1877 Autograph Letter Signed by a Texas Rancher, Scoundrel, and Officer Charles T. Witherell, 1st Lieutenant, 19th U.S. Infantry, on Wool and Sheep Ranching in Texas.
1877 Autograph Letter Signed by a Texas Rancher, Scoundrel, and Officer Charles T. Witherell, 1st Lieutenant, 19th U.S. Infantry, on Wool and Sheep Ranching in Texas.

1877 Autograph Letter Signed by a Texas Rancher, Scoundrel, and Officer Charles T. Witherell, 1st Lieutenant, 19th U.S. Infantry, on Wool and Sheep Ranching in Texas.

Likely complicit in the killing of a bandit named John and other dirty deeds


Letter from a Texas rancher, a scoundrel, and an officer at Fort Lyon, Colorado about sheep ranching and wool business in Texas. Charles Tripler Witherell, a 1st Lieutenant in the 19th U.S. Infantry, writes to Philadelphia commission wool merchants, Edward A. Greene & Company.

In Tascosa: Its Life and Gaudy Times (Texas Tech, 2007) by Frederick W. Nolan, Witherell is seen —in the year this letter was written—
tangled up with outlaws to buy stolen sheep, likely complicit in the killing of a bandit named John Bottom, and muddled somehow in the affair of the Casner Brothers’ murder which involved an ex-Quantrill raider. Witherell was tried by court martial about a month after this letter and found guilty of various crimes, but never that of a count of murder. (See Nolan, pp.27–31 which explains the murky events.)

Here, Witherell asks to borrow $3500 from Greene & Co. “...so that I can buy and control the full crop of Wool in this section.” To effect this business proposal, Witherell describes his situation, lays out a business plan, and even offers a $10,000 life insurance policy as collateral security for the loan:

I have a ranch (sheep) on the Canadian River Pan handle of Texas, and corrals built this year for the purpose of buying the spring clip of wool, but I could not do it as I had not the money, as I had invested upward of three thousand dollars in Sheep and Stocks for the ranch. I could have bought all the wool in this section and I had the promise of all the Sheep men in the vicinity that they would shear at my corrals provided I would buy the wool. I could have controlled the whole with less than six thousand dollars. The consequence was that they had to drive their sheep into New Mexico to shear & sell their wool & are now driving them back to winter. It is about one Hundred & fifty miles from my Ranch to Las Animas Col[orado]., where there is the R.R. to ship in.
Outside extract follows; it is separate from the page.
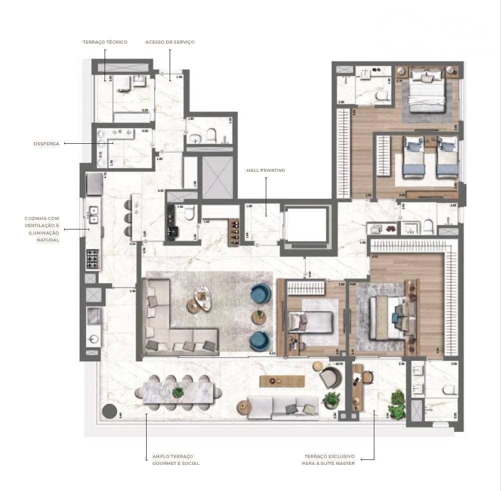 Desfrute de um lazer completo e sofisticado, um hall social privativo que recebe você com exclusividade, uma cozinha iluminada e ventilada naturalmente, e um amplo terraço gourmet e social, perfeito para criar memórias inesquecíveis ao lado de seus amigos e entes queridos.

If he can obtain the loan for his Texas ranch, Lieutenant Witherell, who is serving at nearby Ft. Lyon, Colorado, will “...personally attend to this business.” He provides an additional comment on Mexican sheep farmers adding that “I think I can buy the clip so that it will not cost more than 12 or 13 cents at the R.R.” The letter offers an interesting insight into one soldier’s embrace of a profitable enterprise on the American frontier; a man with a less than stellar reputation.


Description: 1877 Autograph Letter Signed by a Texas Rancher, Scoundrel, and Officer Charles T. Witherell, 1st Lieutenant, 19th U.S. Infantry, on Wool and Sheep Ranching in Texas.

Fort Lyon, Colorado. August 9, 1877. Quarto, bifolium. Three full pages. No transmittal envelope; folds, traces of soil; stray marks; tiny edge-loss; very good.